▸ Exercise data:
● ● ● ● ● ● ●

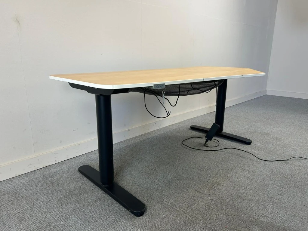 1x IKEA Elektrisch Zit-Sta Bureau B160xB80xH125-64 - Hout/Melamine/Zwart Metaal, met enkele gebruikssporen (V0485)
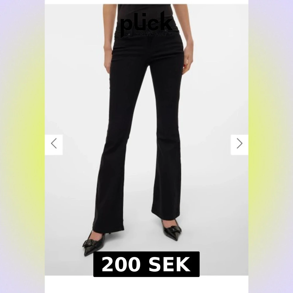 Snygga svarta lågmidjade jeans från Vero Moda med bootcut passform och klassisk femficksdesign. De är i storlek XS med längden 30 och har en låg midja. Byxorna är tillverkade i stretchigt bomullsmaterial för en bekväm känsla. Perfekta för dig som gillar en stilren och trendig look. Jeansen är i mycket bra skick och har inga fel. Jag säljer dem eftersom de är något för korta för mig som är 163 cm. De passar därför perfekt för dig som är under 163 cm eller dig som föredrar
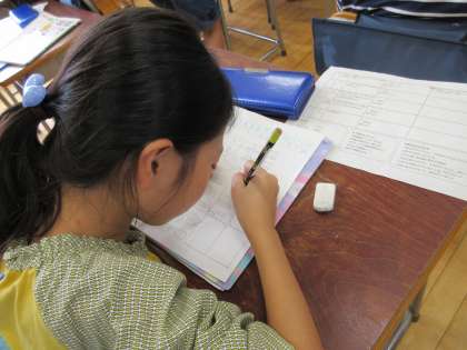 9月25日、本年度の校内研究主題「自立した学び手の育成」に基づき3年生対象に研究授業を行いました。教科は算数で少人数の2クラスを対象として「大きい数のしくみ」の単元の授業研究を行いました。子どもたちは数の構成を多面的にとらえ、「16,000」という数の表し方を探究的に学びました。研究協議会では授業についての意見交換などを行い、全教員が授業実践について学びを深めました。

● ● ● ● ● ● ●

▸ Problem statement:
Only an exact copy is wanted: the lines from the opening of the material through the line that has "Snygga svarta lågmidjade", minus any pictures.

▸ Problem solution:
 1x IKEA Elektrisch Zit-Sta Bureau B160xB80xH125-64 - Hout/Melamine/Zwart Metaal, met enkele gebruikssporen (V0485)
 Snygga svarta lågmidjade jeans från Vero Moda med bootcut passform och klassisk femficksdesign. De är i storlek XS med längden 30 och har en låg midja. Byxorna är tillverkade i stretchigt bomullsmaterial för en bekväm känsla. Perfekta för dig som gillar en stilren och trendig look. Jeansen är i mycket bra skick och har inga fel. Jag säljer dem eftersom de är något för korta för mig som är 163 cm. De passar därför perfekt för dig som är under 163 cm eller dig som föredrar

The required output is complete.